Introducing the Virsto Storage Hypervisor
Virsto has developed a new approach for storage in virtualized environments. Virsto delivers purpose-built software defined storage with its VM-centric storage hypervisor, which provides a set of high-performance data services.
The I/O Optimization data service addresses the I/O randomness due to the server Hypervisor.
The Virsto Storage Hypervisor sits on each host and presents a virtual storage appliance (VSA) to the VMs on the host. The VMs see Virsto as a new storage mount point, which means Virsto is in the I/O path for the VMs. Virsto offloads the I/O from the Hypervisor in a more efficient manner.
With the I/O Optimization data service, the Virsto Storage Hypervisor will perform a set of actions on the I/O so it is sequentialized and sent to the storage layer in orderly, logical blocks.
The result is that storage performance does not degrade. As companies scale up their virtualized infrastructure and increase the VM density on their hosts, the storage layer performs to its rated level in terms of IOPS.
In addition, latency improves as well. A Virsto customer saw their latency drop by 93% on reads and 56% on writes. A question that might come up is why does the read latency decrease when the I/O Optimization data service sequentialized just the writes. This improvement is based on the principle of locality of reference. When data is needed, if all the blocks of data are in the same area on the disk, then the disk doesn’t need to spin as much in order for the disk head to access the data. This speeds up the reads as well as the writes.
The I/O Optimization data service is only one of four such services in the Virsto Storage Hypervisor.
The challenge with snapshots in a virtual environment is two-fold. The first is the ongoing degradation of the storage layer after a snapshot is taken as well as the space needed for the snapshot. With the Virsto Storage Hypervisor, snapshots have been architected to not only be space-efficient but also not degrade storage performance.

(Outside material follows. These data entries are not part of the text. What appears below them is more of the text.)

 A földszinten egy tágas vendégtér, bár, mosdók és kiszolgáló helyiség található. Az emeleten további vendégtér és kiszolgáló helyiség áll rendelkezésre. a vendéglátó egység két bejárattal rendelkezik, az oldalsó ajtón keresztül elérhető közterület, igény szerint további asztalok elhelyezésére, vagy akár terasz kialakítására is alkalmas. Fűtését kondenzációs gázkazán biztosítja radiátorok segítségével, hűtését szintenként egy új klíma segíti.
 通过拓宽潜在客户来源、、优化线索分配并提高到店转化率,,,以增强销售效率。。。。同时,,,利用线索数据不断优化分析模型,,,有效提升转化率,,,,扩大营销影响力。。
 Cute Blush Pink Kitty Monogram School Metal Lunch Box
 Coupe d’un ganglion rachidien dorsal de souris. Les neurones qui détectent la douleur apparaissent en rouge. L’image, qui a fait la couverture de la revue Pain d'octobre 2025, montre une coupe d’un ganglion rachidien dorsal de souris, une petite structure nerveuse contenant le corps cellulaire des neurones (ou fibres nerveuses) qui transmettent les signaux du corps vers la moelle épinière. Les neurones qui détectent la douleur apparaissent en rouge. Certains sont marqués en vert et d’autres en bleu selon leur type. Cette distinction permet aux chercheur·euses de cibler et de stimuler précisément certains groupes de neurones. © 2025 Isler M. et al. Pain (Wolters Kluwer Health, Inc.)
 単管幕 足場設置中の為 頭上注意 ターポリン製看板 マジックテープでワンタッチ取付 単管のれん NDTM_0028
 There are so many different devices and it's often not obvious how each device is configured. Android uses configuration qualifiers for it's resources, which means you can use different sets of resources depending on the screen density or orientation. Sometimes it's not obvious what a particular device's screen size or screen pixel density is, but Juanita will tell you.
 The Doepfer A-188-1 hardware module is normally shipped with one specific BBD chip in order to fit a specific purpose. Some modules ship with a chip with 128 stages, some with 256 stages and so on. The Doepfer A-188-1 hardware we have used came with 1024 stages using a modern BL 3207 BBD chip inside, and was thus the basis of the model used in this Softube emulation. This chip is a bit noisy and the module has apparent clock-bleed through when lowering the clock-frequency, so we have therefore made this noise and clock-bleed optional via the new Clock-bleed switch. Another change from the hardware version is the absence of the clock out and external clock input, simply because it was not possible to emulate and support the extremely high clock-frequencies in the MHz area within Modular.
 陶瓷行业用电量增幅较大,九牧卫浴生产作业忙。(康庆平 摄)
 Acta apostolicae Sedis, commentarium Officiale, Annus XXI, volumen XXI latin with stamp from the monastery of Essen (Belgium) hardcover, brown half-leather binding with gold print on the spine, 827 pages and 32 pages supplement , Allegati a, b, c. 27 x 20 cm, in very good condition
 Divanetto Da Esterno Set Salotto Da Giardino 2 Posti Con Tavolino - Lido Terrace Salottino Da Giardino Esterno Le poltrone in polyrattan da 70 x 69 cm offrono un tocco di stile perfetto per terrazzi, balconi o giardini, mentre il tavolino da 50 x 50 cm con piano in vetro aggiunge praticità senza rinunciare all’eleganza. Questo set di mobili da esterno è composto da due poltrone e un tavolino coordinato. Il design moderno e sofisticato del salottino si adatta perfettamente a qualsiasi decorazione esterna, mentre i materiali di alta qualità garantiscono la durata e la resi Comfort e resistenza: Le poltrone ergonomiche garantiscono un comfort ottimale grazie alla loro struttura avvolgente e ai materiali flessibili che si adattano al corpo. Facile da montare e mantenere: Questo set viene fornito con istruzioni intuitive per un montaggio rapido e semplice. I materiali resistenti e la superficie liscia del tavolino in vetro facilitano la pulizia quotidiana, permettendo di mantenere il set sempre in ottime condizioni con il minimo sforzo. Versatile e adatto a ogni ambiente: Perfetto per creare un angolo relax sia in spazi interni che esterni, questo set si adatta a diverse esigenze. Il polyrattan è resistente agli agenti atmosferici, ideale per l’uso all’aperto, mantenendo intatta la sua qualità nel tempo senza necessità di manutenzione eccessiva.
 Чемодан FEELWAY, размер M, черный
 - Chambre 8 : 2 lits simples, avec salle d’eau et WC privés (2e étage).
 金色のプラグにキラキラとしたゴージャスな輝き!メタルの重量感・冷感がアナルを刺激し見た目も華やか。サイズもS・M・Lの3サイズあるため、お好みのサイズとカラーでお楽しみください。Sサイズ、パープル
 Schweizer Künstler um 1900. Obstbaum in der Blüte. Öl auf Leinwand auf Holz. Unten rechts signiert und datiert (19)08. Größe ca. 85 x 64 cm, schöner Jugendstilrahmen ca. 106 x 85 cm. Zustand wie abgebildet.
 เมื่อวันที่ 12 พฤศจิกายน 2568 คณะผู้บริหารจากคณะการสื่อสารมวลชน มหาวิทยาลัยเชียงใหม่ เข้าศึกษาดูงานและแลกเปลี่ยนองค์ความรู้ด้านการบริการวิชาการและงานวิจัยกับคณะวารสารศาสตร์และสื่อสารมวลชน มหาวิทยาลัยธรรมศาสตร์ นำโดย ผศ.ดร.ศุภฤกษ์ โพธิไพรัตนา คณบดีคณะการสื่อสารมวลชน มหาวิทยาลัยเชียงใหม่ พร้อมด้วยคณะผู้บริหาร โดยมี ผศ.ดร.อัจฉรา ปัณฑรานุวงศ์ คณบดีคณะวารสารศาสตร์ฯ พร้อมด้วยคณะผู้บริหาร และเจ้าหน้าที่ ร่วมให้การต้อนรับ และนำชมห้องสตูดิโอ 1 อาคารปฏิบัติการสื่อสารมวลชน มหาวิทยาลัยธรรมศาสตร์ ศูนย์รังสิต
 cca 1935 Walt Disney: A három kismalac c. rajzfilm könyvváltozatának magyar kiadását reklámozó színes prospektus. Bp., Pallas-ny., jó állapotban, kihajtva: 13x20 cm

Similar to snapshots, clones degrade storage performance and take up space. With the Virsto Storage Hypervisor, clones have been transformed so they are space-efficient as well as have a minimal effect on the performance of the storage layer.
Thin provisioning seems interesting to companies since it uses very little storage when a VM is created and the VM can be provisioned quickly. However, there is an ongoing performance hit due to the multiple operations that need to be done at the storage layer when data is written to the VM. With the Virsto Storage Hypervisor, the performance penalty of thin provisioning has been eliminated, so companies can get space-efficiency and fast provisioning without performance degradation.
The Virsto Storage Hypervisor transforms storage to meet the needs of virtualized environments today, and the vision of the software defined datacenter of tomorrow. By addressing the performance, capacity and agility challenges that legacy storage systems struggle with in virtualized environments, the Virsto Storage Hypervisor is the purpose-built technology needed to deliver specific data services at the virtual machine level: truly software-defined storage that does for storage what server virtualization delivered for servers.